Location of sampling sites within the Blue River watershed. Sampling sites are marked with an X. Locations of hospitals are marked with a blue H.
Sample collection
A portable peristaltic pump was used to collect surface water samples by pumping water either directly from the stream/river into their respective containers or through sequential in-line filters. At each sampling site, the pump tubing inlet was submerged several centimeters beneath the water surface and held in place through the use of tube weights or anchors. An attempt was made to sample from a location in the stream/river where flow seemed to be greatest or most representative of total flow. Whenever possible pump tubing was positioned upstream to reduce unnecessary exposure to contaminants from sampling equipment and personnel, and caution was taken during the placement of the sampling equipment to avoid streambed disturbance upstream of the collection site. To avoid introducing contamination between sites the pump tubing was rinsed between sampling locations with ultrapure water and 80% ethanol and purged prior to sample collection with site water for ≥1 minute after placement of the tubing inlet. Physical and chemical parameters of the stream/river water, including dissolved oxygen, specific conductance, total dissolved solids, pH, oxidation-reduction potential, and temperature (Supplementary Table S6), were measured simultaneously with sample collection using a YSI Pro Plus portable multi-parameter water quality meter (YSI Incorporated, Yellow Springs, OH, USA), and turbidity was measured with a Mi415 turbidity meter (Martini Instruments, Adelaide, Ausralia).

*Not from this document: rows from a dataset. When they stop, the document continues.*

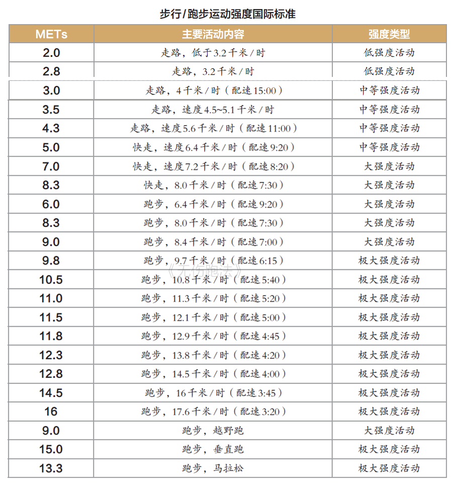 从下表中可以看到,普通步行(4~6 千米/时)都属于中等强度活动,快走(7.2 千米/时)已经是大强度活动。而只要是双脚离地的跑步,无论速度快慢,都属于大强度活动。跑得越快,强度越大,MET值越高。
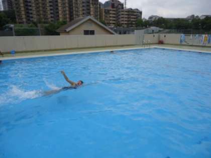 1学期最後の水泳学習でした。1枚目は、高学年女子がきれいな「けのび」をしている所です。2枚目・3枚目は、高学年のお兄さん・お姉さんが「クロール」をしている所です。今日、クロールで150メートル泳いだお姉さんがいました。一緒に授業をしていた2年生から「すごいねー!」と大きな拍手をもらいました。
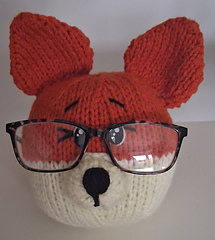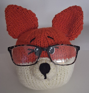 These spectacle heads for holding your glasses knit up quickly as they use 2 strands of dk yarn together.
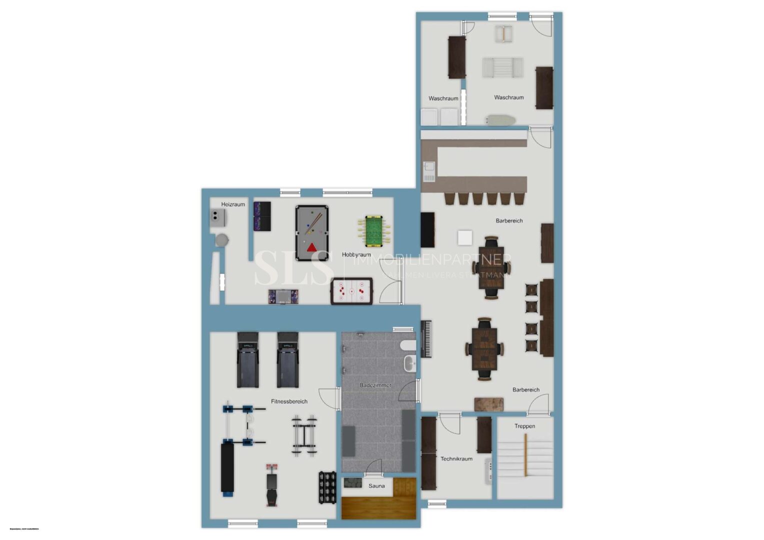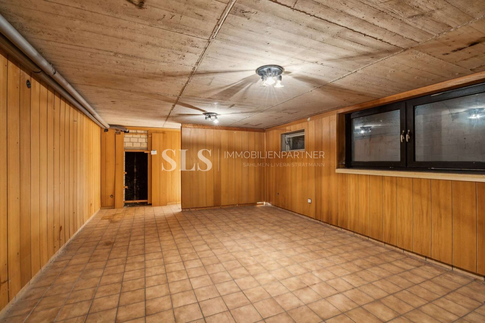 Der Bungalow ist voll unterkellert und bietet dort vielfältige Nutzungsmöglichkeiten. Besonders hervorzuheben sind die eigene Bar, eine Sauna sowie eine Dusche, die den Keller zu einem gemütlichen Freizeit- und Wellnessbereich machen.
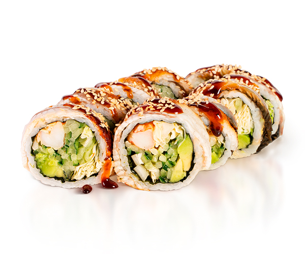 Креветка, авокадо, угорь копченый, кунжут, соус унаги, водоросли нори, рис, огурец, капуста пекинская, соус спайси. Энергетическая ценность: 650 ккал
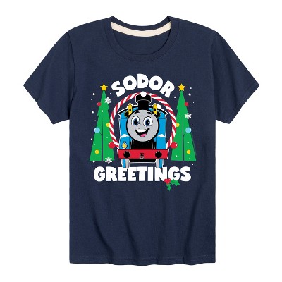 Thomas & Friends - Happy Holidays Thomas - Youth and Toddler Short Sleeve Graphic T-Shirt - All aboard for fun with Thomas & Friends graphic apparel! Featuring Thomas the Tank Engine, Percy, and James, these cheerful designs are perfect for fans of the Island of Sodor and its friendly locomotives.

For each sample collected for metagenomic sequencing, site water was filtered sequentially through a 5.0-μm mixed cellulose filter (5 μm pore size; 47 mm diameter; MF-Millipore; Merck, Darmstadt, Germany), followed by a 0.2-μm Sterivex cartridge filter (0.22 μm pore size; Sterivex; Millipore), until either clogging of the filters substantially slowed water flow or a total volume of 5 L had been filtered. This maximum volume was previously determined to be a reasonable compromise between expediency and thoroughness when sampling river water for metagenomic sequencing, despite considerable variation in sampling site water quality, and was found to be sufficient for this study as well. Depending on the level of suspended particles in the site waters, the volume of water filtered varied from 240 to 5,000 mL. Volume filtered was an important factor affecting the amount of DNA that could be extracted from the filters and, consequently, the quality of a metagenomic dataset. A correction for difference in volume filtered was factored into calculations of gene abundance to account for this. Immediately after sampling, remaining fluid was purged from the filter assembly/cartridge and the 5.0- and 0.2-μm filters placed into separate, sterile whirlpool packs and frozen on dry ice before transportation to the laboratory, where they were stored at −80°C until processing. Field replicates, in triplicate, were collected at each sampling site and processed individually.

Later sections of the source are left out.